» **Task statement**
Output nothing but the lines from the beginning of the listing below through the line containing "This design features: moka", exactly as they stand, without pictures.

» **Provided material**
------------
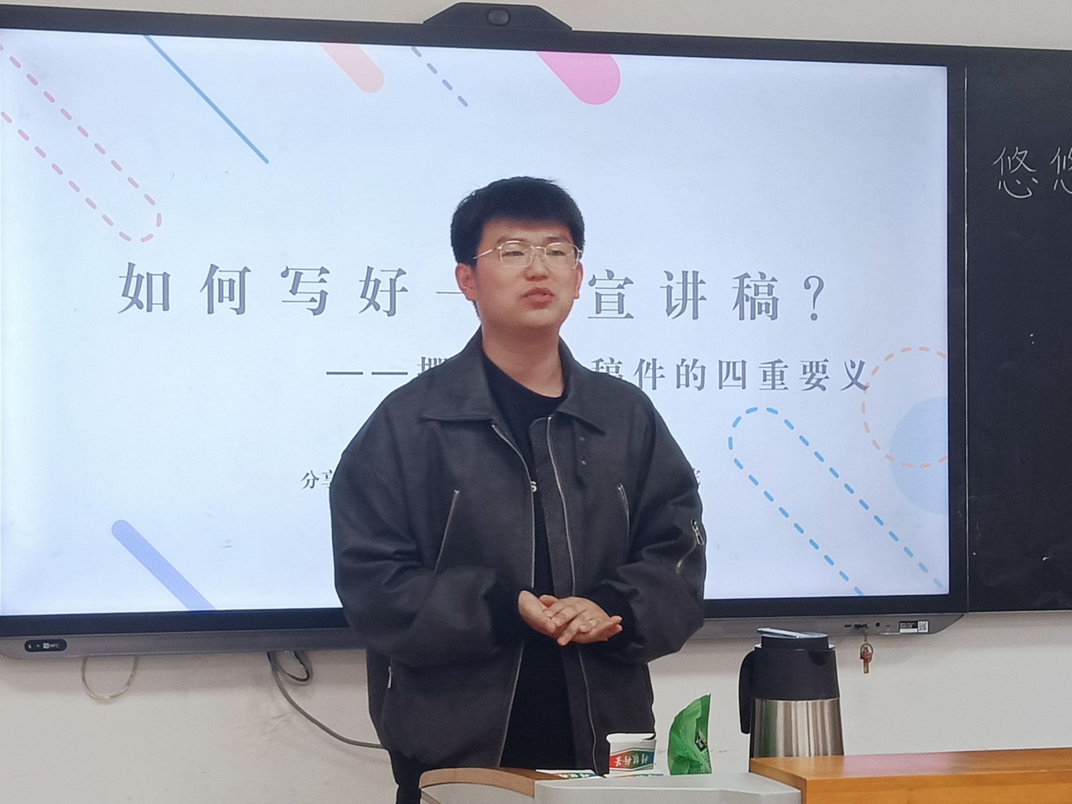 2024年5月10日,“悠悠文墨贯古今,文化时代共一色”主题宣讲比赛赛前培训在yl88858永利中国研究生教室二成功举行。杨志远和吴珂仪两位特邀嘉宾对撰稿技能与宣讲仪态进行了讲解和示范,为接下来的宣讲比赛助力。
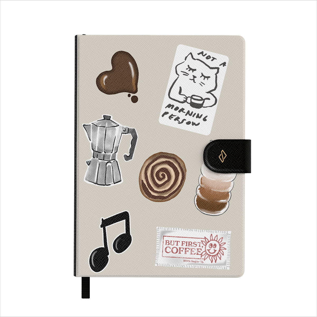 This design features: moka pot, frappe, cinnamon roll, chocolate heart, "Not a morning person" sticker, "But First, Coffee" receipt, music note.
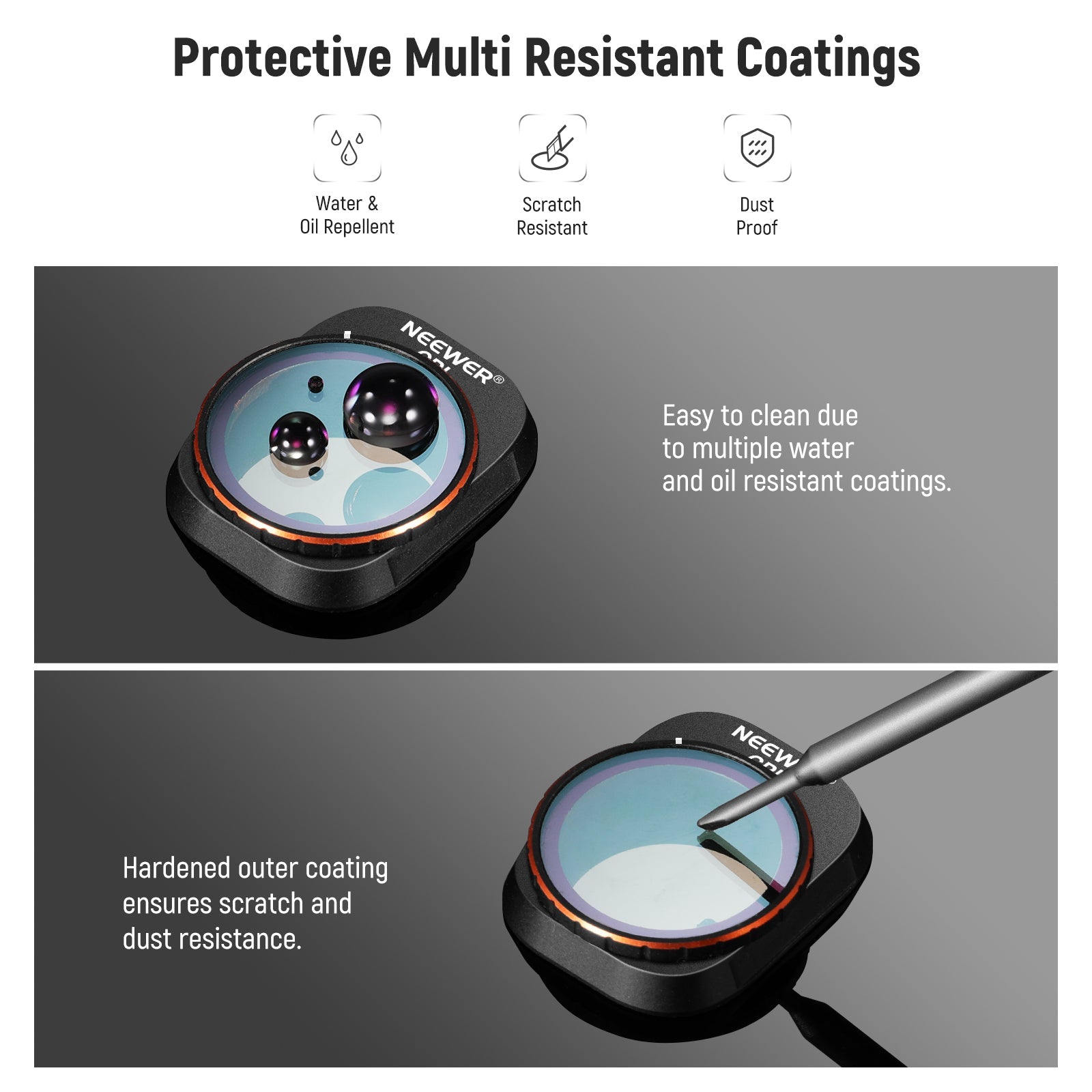 - Both Side Multi-Coated HD Optical Glass- With 30 layers of multi functional coatings on both sides of the HD optical glass, these filters are water repellent, scratch resistant, and oil proof, ensuring long-lasting optical quality in challenging environments
------------
» **Final answer**
 2024年5月10日,“悠悠文墨贯古今,文化时代共一色”主题宣讲比赛赛前培训在yl88858永利中国研究生教室二成功举行。杨志远和吴珂仪两位特邀嘉宾对撰稿技能与宣讲仪态进行了讲解和示范,为接下来的宣讲比赛助力。
 This design features: moka pot, frappe, cinnamon roll, chocolate heart, "Not a morning person" sticker, "But First, Coffee" receipt, music note.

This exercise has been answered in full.